Always use with statements (context managers) for file operations. This guarantees the file is closed even if an exception is raised.

# Good
with open(filename, 'r') as f:
    data = f.read()

# Bad — file may not be closed on exception
f = open(filename, 'r')
data = f.read()
f.close()

subprocess — Avoid shell=True

Do not pass shell=True to subprocess functions unless strictly necessary. Use a list of arguments instead.

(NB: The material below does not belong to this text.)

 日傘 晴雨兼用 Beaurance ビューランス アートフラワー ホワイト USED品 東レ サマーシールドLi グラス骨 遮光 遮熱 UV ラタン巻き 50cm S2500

For output redirection (which requires a shell when using >), pass stdout=open(output_file, 'w') to subprocess directly.

# Good
with open(output_file, 'w') as out:
    subprocess.call([script, arg1, arg2], stdout=out, stderr=log)

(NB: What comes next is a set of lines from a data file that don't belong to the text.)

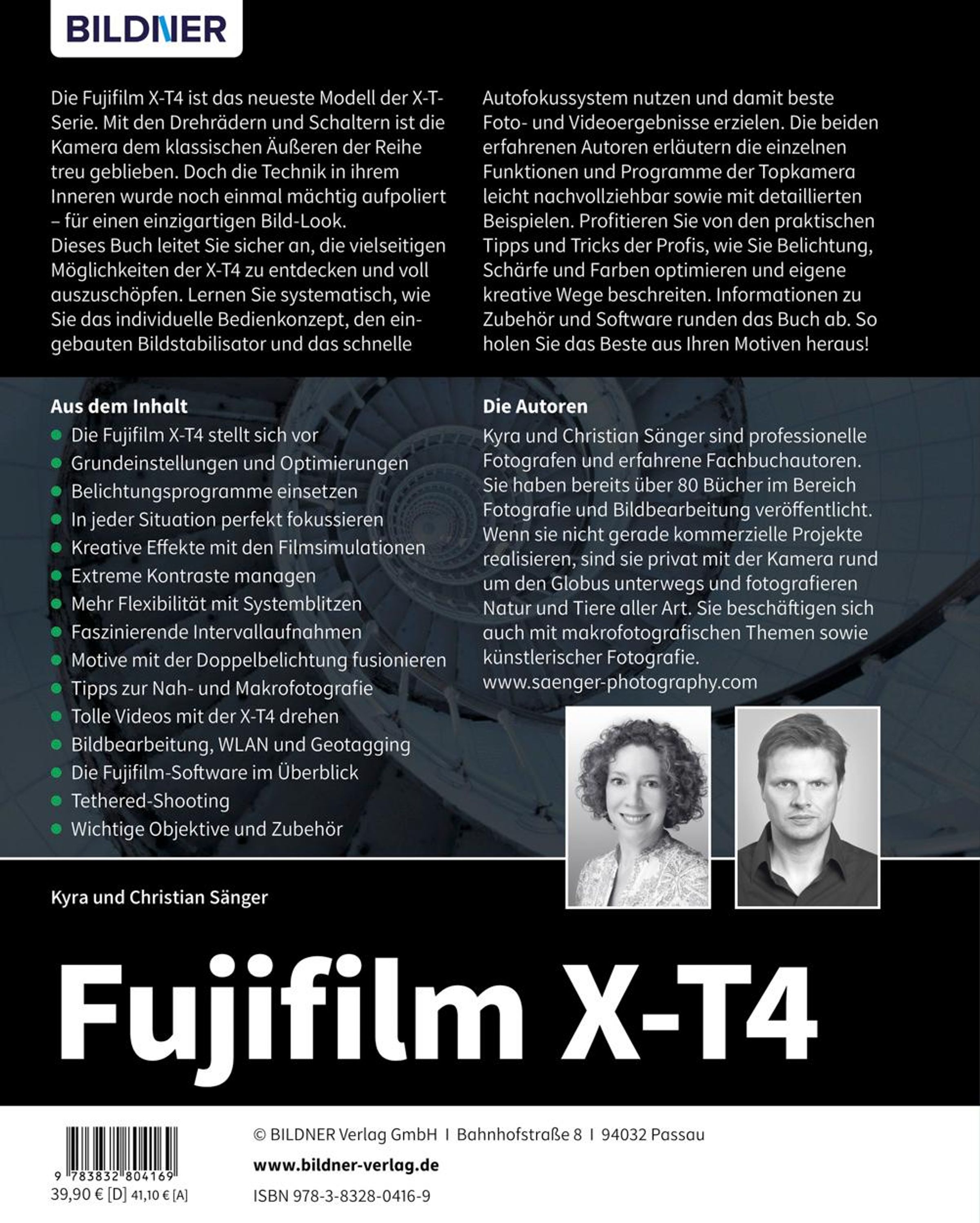 Dieses Buch leitet Sie sicher an, die vielseitigen Möglichkeiten der X-T4 zu entdecken und voll auszuschöpfen. Lernen Sie systematisch , wie Sie das individuelle Bedienkonzept, den eingebauten Bildstabilisator und das schnelle Autofokussystem nutzen und damit beste Foto- und Videoergebnisse erzielen. Die beiden erfahrenen Autoren erläutern die einzelnen Funktionen und Programme der Topkamera leicht nachvollziehbar sowie mit detaillierten Beispielen . Profitieren Sie von den praktischen Tipps und Tricks der Profis, wie Sie Belichtung, Schärfe und Farben optimieren und eigene kreative Wege beschreiten. Informationen zu Zubehör und Software runden das Buch ab. So holen Sie das Beste aus Ihren Motiven heraus!
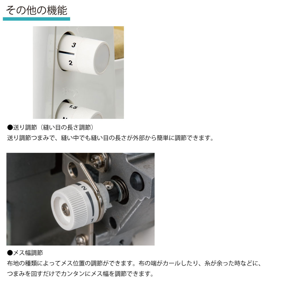 布地の種類によってメス位置の調節ができます。布の端がカールしたり、糸が余った時などに、つまみを回すだけでカンタンにメス幅を調節できます。
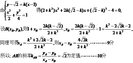 (2)若直线AB过椭圆的焦点F(0,c),(c为半焦距),求直线AB的斜率k的值;
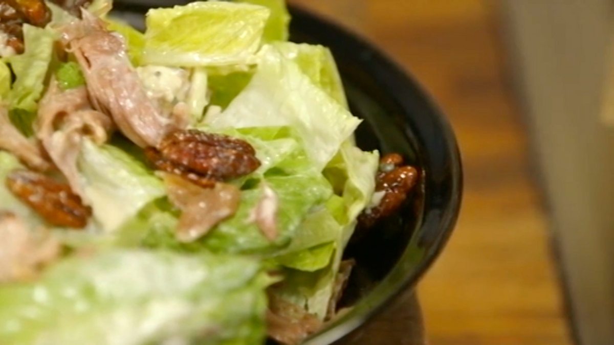 This is a simple combo of ready-made confit duck legs and zingy, cheesy salad dressing with added crunch form caramel-coated pecans - a super tasty meal for two.
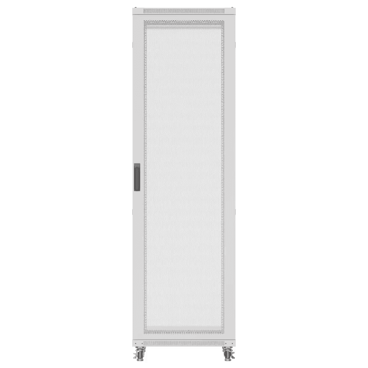 Fully assembled floor rack with built-in fans, removable panels, and lockable casters, engineered for optimal airflow, heavy-duty stability, and easy equipment access.
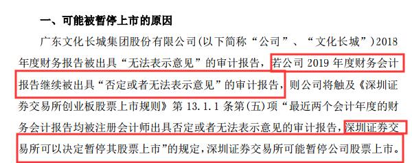 10月30日晚间,文化长城发布公告称,公司股票存在可能被暂停上市的风险。主要是因为2018年度财务报告被出具“无法表示意见”的审计报告,若公司 2019 年度财务会计报告继续被出具“否定或者无法表示意见”的审计报告,深交所可以决定暂停其股票上市。

# Bad — shell injection risk, path-escaping burden
cmd = script + " " + arg1 + " > " + output_file
subprocess.call(cmd, shell=True)

sys.exit() vs exit()

Use sys.exit() in scripts. exit() is intended for the interactive interpreter and is not guaranteed to be available in all environments.

import sys
sys.exit(1)   # Good
exit(1)       # Bad

String Formatting

Prefer f-strings for new code (Python 3.6+). Avoid %-formatting in new code.

# Good
print(f"ERROR: No input.yaml in {srcpath}")

# Acceptable for existing code
print("ERROR: No input.yaml in {}".format(srcpath))

# Avoid in new code
print("ERROR: No input.yaml in %s" % srcpath)

Imports

One import per line. Order: standard library → third-party → local. Separate each group with a blank line.

import os
import sys

import yaml

from config import llvm_paths

yaml.safe_load()

Always use yaml.safe_load(). Never use yaml.load() without an explicit Loader argument — it executes arbitrary Python and is a security risk.